*** DATA EXTRACT ***
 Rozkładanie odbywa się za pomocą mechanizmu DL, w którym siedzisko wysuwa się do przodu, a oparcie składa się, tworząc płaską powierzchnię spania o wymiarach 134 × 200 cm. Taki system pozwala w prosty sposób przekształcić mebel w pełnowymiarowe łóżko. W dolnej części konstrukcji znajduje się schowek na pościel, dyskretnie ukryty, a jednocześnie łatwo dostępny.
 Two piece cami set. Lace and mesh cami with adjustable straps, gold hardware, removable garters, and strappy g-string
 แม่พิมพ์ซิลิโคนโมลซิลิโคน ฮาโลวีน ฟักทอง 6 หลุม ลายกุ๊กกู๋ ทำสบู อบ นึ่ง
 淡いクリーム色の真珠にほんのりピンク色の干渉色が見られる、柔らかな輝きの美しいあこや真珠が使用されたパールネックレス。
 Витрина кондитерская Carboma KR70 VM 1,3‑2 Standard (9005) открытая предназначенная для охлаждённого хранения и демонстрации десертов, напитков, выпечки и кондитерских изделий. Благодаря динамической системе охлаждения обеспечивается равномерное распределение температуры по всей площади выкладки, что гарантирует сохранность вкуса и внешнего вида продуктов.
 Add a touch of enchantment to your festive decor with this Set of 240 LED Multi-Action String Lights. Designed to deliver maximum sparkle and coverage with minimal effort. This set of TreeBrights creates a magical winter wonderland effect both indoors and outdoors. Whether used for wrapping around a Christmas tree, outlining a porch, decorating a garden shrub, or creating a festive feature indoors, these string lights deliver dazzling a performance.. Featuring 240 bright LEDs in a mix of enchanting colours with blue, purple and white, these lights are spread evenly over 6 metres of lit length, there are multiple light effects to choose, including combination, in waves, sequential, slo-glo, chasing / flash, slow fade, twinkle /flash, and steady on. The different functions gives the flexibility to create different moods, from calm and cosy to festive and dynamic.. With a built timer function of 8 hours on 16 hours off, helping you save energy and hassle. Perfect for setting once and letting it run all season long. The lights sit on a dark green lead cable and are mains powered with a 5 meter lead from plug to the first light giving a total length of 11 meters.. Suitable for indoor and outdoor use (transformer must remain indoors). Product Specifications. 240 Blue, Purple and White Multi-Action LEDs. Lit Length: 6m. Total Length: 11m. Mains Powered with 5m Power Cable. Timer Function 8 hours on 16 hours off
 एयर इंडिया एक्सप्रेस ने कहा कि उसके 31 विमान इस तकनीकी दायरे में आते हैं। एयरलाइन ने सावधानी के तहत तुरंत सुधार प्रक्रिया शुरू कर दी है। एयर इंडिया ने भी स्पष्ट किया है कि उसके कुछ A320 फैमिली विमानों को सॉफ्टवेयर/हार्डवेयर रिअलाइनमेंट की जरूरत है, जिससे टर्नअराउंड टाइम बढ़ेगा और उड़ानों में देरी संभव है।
*** End of DATA EXTRACT ***
* WHAT TO WORK ON:
If a line in the listing includes the word "string", it counts; report the number of such lines and nothing else.

* ANSWER SECTION:
2